Taking the leap and learning any of the existing 7000 languages as a new means of communication not only helps the cognitive abilities of the brain, but also helps strengthen one's understanding of other cultures.
Most language classes ensure students not only leave the classroom educated in the linguistics of their selected tongue, but have a cultural and geographical understanding behind the language as well.
“A typical language course would emphasize the various culture, cultural issues and so forth, so a person who takes a language would already be equipped to meet people with different cultures and interact with them,” said Michael Markiw, an area specialist librarian at ASU who is multilingual.
ASU offers a variety of languages for students to major and minor in. Students are given the opportunity to learn a second language before it is too late, and should do so while their brains are still young.
As an adult it becomes harder to learn a second language; however, with perseverance anyone can retrain his or her brain.
“[At ASU], we have the traditional language major courses. But we have something called the Critical Language Institute, which is for the less commonly taught languages. It can go further in-depth into things like Albanian, Armenian and Indonesian [languages]. And we send students to go abroad and get immersed in the language and culture,” Markiw said.

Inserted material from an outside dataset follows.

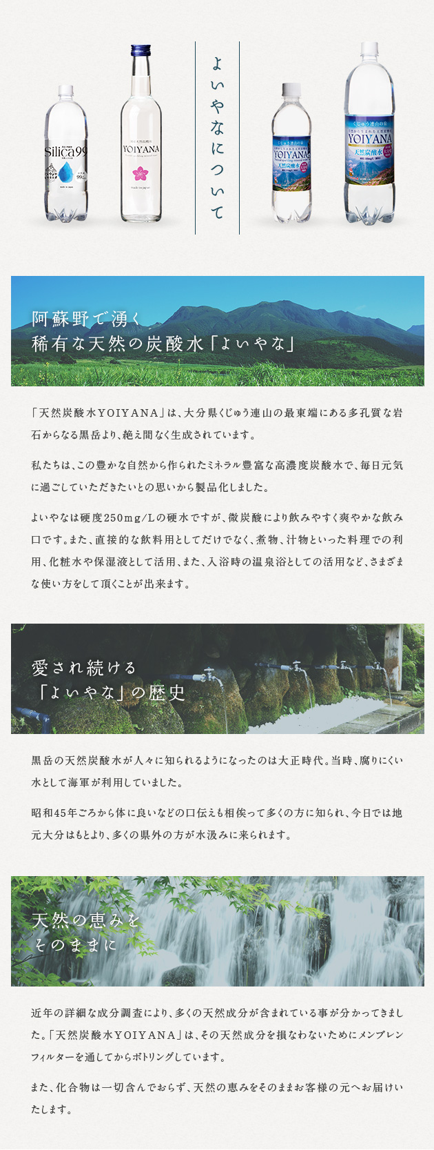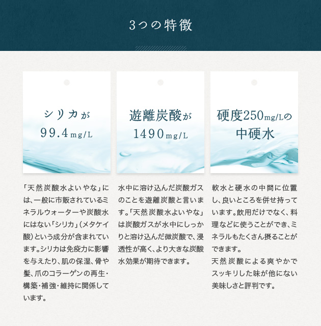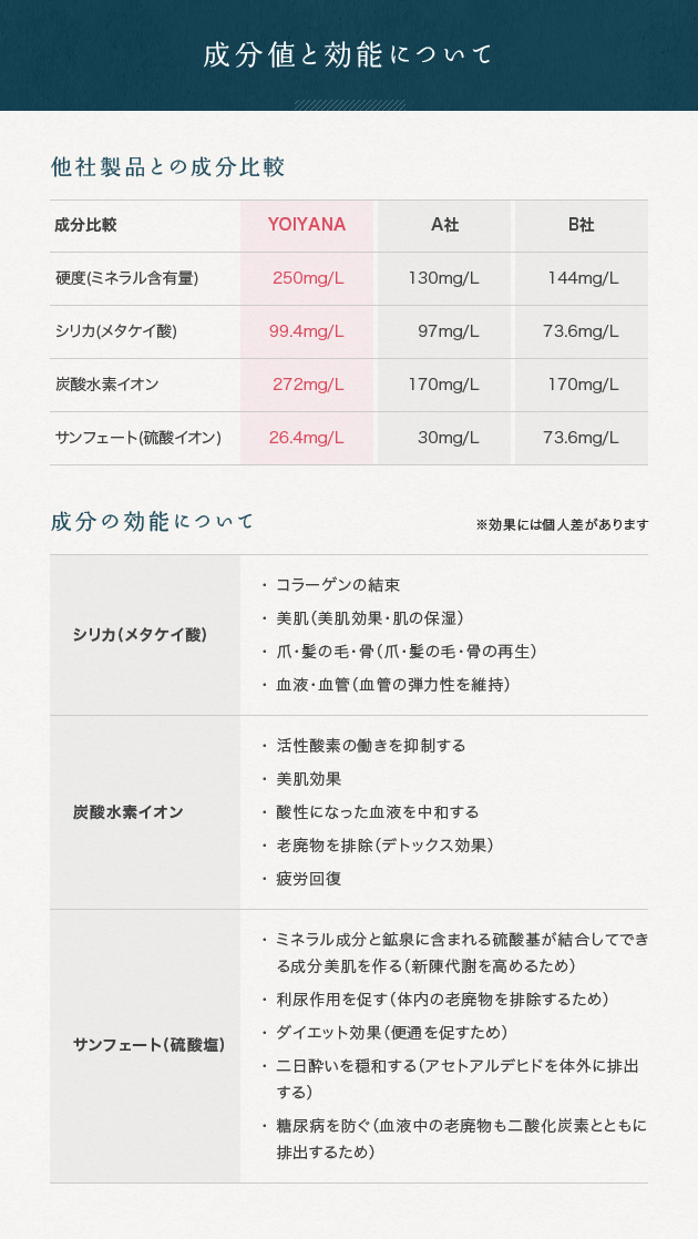| 栄養成分 | 100ml(当たり)/エネルギー 0kcal/タンパク質 0g/脂質 0g/炭水化物 0g/食塩相当量 0g/カルシウム7.3mg/マグネシウム1.8mg/カリウム0.4mg |

The United States is falling behind in language studies, approximately 20 percent of U.S. citizens are bilingual, whereas European countries boast an average of more than 50 percent of citizens who are bilingual.
Globally, people are making an effort to communicate with our country, but we are not taking the same action.
The most common language people choose to study is English, with 1.5 billion learners and 101 countries speaking it. As citizens of one of the super powers of the world, we should be promoting diversity and working alongside other countries; however, we often lack the communication abilities to effectively do so.
Stepping out of one’s comfort zone can be difficult, but having the ability to be involved in two different cultures and communities and engage fluently with people in both of them is worth the initial butterflies.
“Just one common word opens the door and then [you] can go right into it and relate to the people that [you] would normally ignore. [Being bilingual] definitely is a door opener,” Markiw said.
Editor’s note: The opinions presented in this column are the author’s and do not imply any endorsement from The State Press or its editors.